I further challenged these new results; I went into a hot jacuzzi for 45 minutes, something I wouldn't dare try while in my previous throws of MS symptom hell. There was no effect other than the nice relaxation you'd expect from a comforting soak. This is double proof that my MS is gone!

helius logoI'm still left with the damage MS did to me while it was active. I'm working out regularly on my Total Gym and treadmill to reverse any deficiency I'm able. And there's still pain, albeit less since I've been increasing my "anticonvulsant" medication dosage.

I've been utilizing the holiday season downtime to focus on targeted exercise. Yesterday, I actually walked two miles, still a little sloppily. While my hip and knee are actually strengthing, and I'm recovering some coordination, my balance is still clearly deficient. According to Dr. Doidge, this, too, can be addressed through neuroplasticity (see previous post). I will likely have to wait for a promising new device, the PoNS from Helius Medical, to become FDA approved before I'm able to effect any significant improvements in that area (clinical trial info here).

I'm doing everything I can.

If my next big push on tegretol doesn't solve my pain issues more permanently, I will consider something called Transcranial Direct Current Stimulation (tDCS). Not to be confused with Transcranial Magnetic Stimulation (TMS), the former has been shown to have a significant effect on permanently reducing CNS neuropathic pain (NP). There was even a study using tDCS for NP, specifically in MS patients. While the process is clearly safe, and home-use units not terribly expensive to purchase, a single course of professional treatment is expensive (five digits!).

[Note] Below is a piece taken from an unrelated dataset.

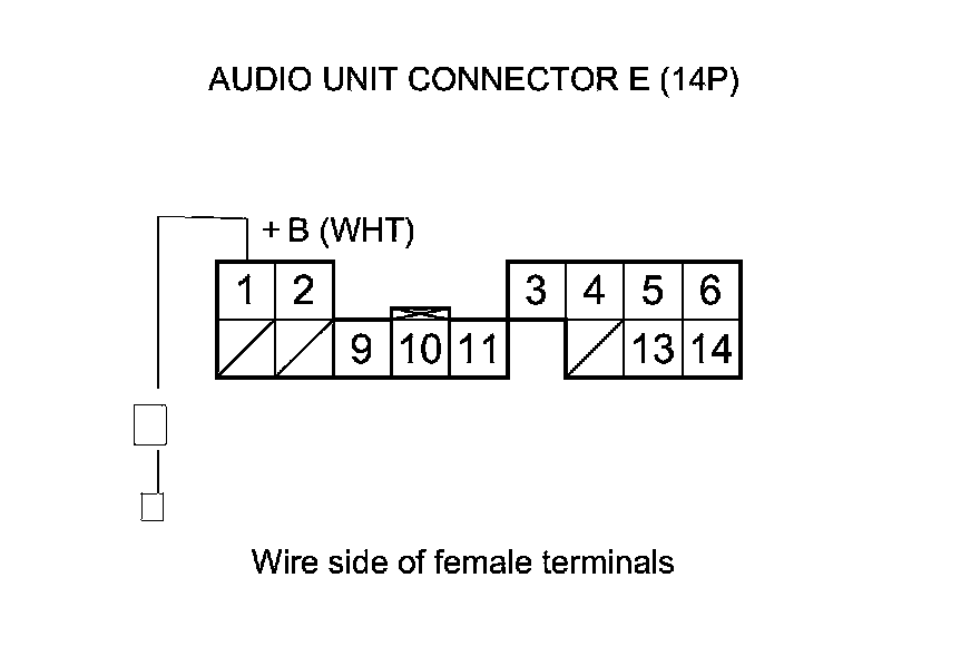 8. Measure the voltage between audio unit connector E (14P) terminal No. 1 and body ground.
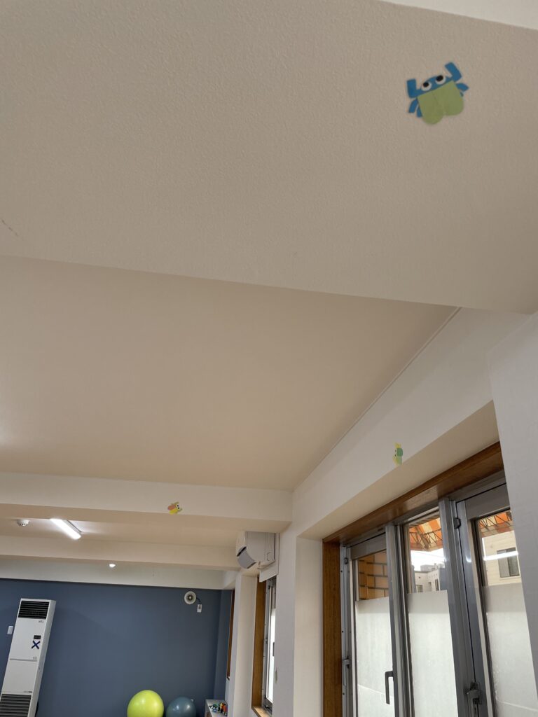 部屋中に貼ってあるハエ(画用紙)をたたいてくっつけるゲームです(^^)

"Results: Compared to sham, active tDCS yielded significant analgesic effects according to VAS and BPI global scales.There were no effects of any block on mood, fatigue, or attention."

Important Timeframes

  • My Stem Cell Transplant Date: June 5th, 2016
  • Treatment duration: 4 weeks
  • Typical onset of disability reversal: +9 months
  • Typical complete recovery from procedure: +1 to +2 years
  • Typical maximum reversal of disability: +2 years


I am not a doctor. I am a scientist (engineer) who has had MS since March 2013.